Thursday, October 3, 2013

I'm a Grownup?? Really??

I know...it's a silly question coming from a 36 year old mother of 2. But the reality is that I haven't felt like a grownup, not much anyways. Yes, I have that autism thing to deal with but really, for the past 12, almost 13 years, I got to play, all day, every day! When Coby was first born, I got to stay home and play with him. When I went back to work once he turned 3, I worked as a Pre-K teaching assistant, and still got to play every day, at work, then at home with my boys. Now I'm home again, and I get to hang out with Liam, get down on the floor and play, go outside, sing, dance, and be silly. I'm loving every minute.

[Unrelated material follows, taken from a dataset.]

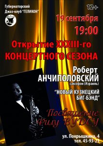 19 сентября в 19.00 в Губернаторском джаз-клубе «Геликон» состоится открытие 33 – го концертного сезона. На сцене Губернаторского джаз – клуба «Геликона» будет выступать Роберт Анчиполовский (Израиль) – саксофон, оркестр «Новый Кузнецкий биг-бенд» с программой: Посвящение Филу Вудсу.

But then it hits me. We are getting ready to go on a trip of a lifetime. We're going to Israel with 15 family members, to celebrate Coby's Bar Mitzvah. This is a right of passage. It's one of the most important days of my oldest son's life, a day which he has been preparing for for nearly a year. The next that will be as/more important will be his wedding day.  And as I sit and think about the amazing, talented, funny, brilliant, loving, and handsome man my son has become, I blush with pride. But really...he did all the hard work. I just had the pleasure of watching, observing, helping him along on his journey. 

So yeah, I guess having a son who is about to be Bar Mitzvah'd makes me a grownup, huh? But that's ok. I'll keep on having fun, playing, being silly, and being....mom. It's what keeps us young.